Chapter 6.  Trading Using Machine Learning

In the capital market, machine learning-based algorithmic trading is quite popular these days and many companies are putting a lot of effort into machine learning-based algorithms which are either proprietary or for clients. Machine learning algorithms are programmed in such a way that they learn continuously and change their behavior automatically. This helps to identify new patterns when they emerge in the market. Sometimes patterns in the capital market are so complex they cannot be captured by humans. Even if humans somehow managed to find one pattern, humans do not have the tendency to find it efficiently. Complexity in patterns forces people to look for alternative mechanisms which identify such complex patterns accurately and efficiently.

In the previous chapter, you got the feel of momentum, pairs-trading-based algorithmic trading, and portfolio construction. In this chapter, I will explain step by step a few supervised and unsupervised machine learning algorithms which are being used in algorithm trading:

  • Logistic regression neural network
  • Neural network
  • Deep neural network
  • K means algorithm
  • K nearest neighborhood
  • Support vector machine
  • Decision tree
  • Random forest

A few of the packages used in this chapter are quantmod, nnet, genalg, caret, PerformanceAnalytics, deepnet, h2o, clue, e1071, randomForest, and party.

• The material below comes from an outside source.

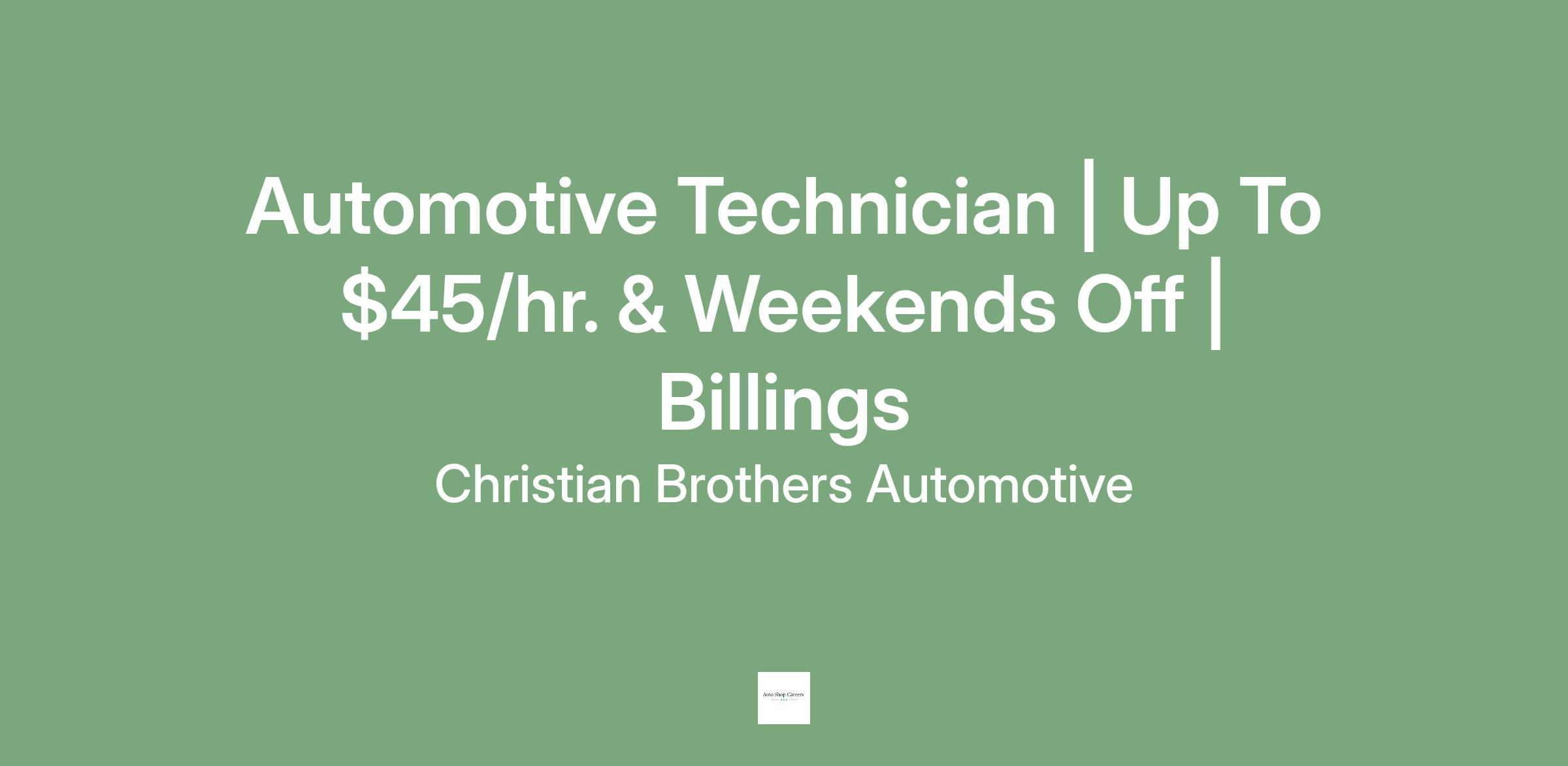 Thank you for viewing this opportunity! This job posting is for an opening at a Christian Brothers Automotive location that is independently owned and operated by a local licensed franchisee. Your application and any information included with it will be submitted to the franchisee for further handling. Christian Brothers Automotive Corporation ("CBAC") is a separate business entity. No CBAC employee will be involved in any decisions regarding your employment application. If you are hired for this position, you also understand and acknowledge that the local franchisee will be your employer and that CBAC will not be your employer. The local franchisee is solely responsible for all decisions related to your employment, including hiring, firing, discipline, compensation, scheduling and supervision.

Logistic regression neural network

Market direction is very important for investors or traders. Predicting market direction is quite a challenging task as market data involves lots of noise. The market moves either upward or downward and the nature of market movement is binary. A logistic regression model help us to fit a model using binary behavior and forecast market direction. Logistic regression is one of the probabilistic models which assigns probability to each event. I am assuming you are well versed with extracting data from Yahoo as you have studied this in previous chapters. Here again, I am going to use the quantmod package. The next three commands are used for loading the package into the workspace, importing data into R from the yahoo repository and extracting only the closing price from the data:

>library("quantmod")
>getSymbols("^DJI",src="yahoo")
>dji<- DJI[,"DJI.Close"]

The input data to the logistic regression is constructed using different indicators, such as moving average, standard deviation, RSI, MACD, Bollinger Bands, and so on, which has some predictive power in market direction, that is, Up or Down. These indicators can be constructed using the following commands:

>avg10<- rollapply(dji,10,mean)
>avg20<- rollapply(dji,20,mean)
>std10<- rollapply(dji,10,sd)
>std20<- rollapply(dji,20,sd)
>rsi5<- RSI(dji,5,"SMA")
>rsi14<- RSI(dji,14,"SMA")
>macd12269<- MACD(dji,12,26,9,"SMA")
>macd7205<- MACD(dji,7,20,5,"SMA")
>bbands<- BBands(dji,20,"SMA",2)

The following commands are to create variable direction with either Up direction (1) or Down direction (0). Up direction is created when the current price is greater than the 20 days previous price and Down direction is created when the current price is less than the 20 days previous price:

>direction<- NULL
>direction[dji> Lag(dji,20)] <- 1
>direction[dji< Lag(dji,20)] <- 0

Now we have to bind all columns consisting of price and indicators, which is shown in the following command:

>dji<-cbind(dji,avg10,avg20,std10,std20,rsi5,rsi14,macd12269,macd7205,bbands,direction)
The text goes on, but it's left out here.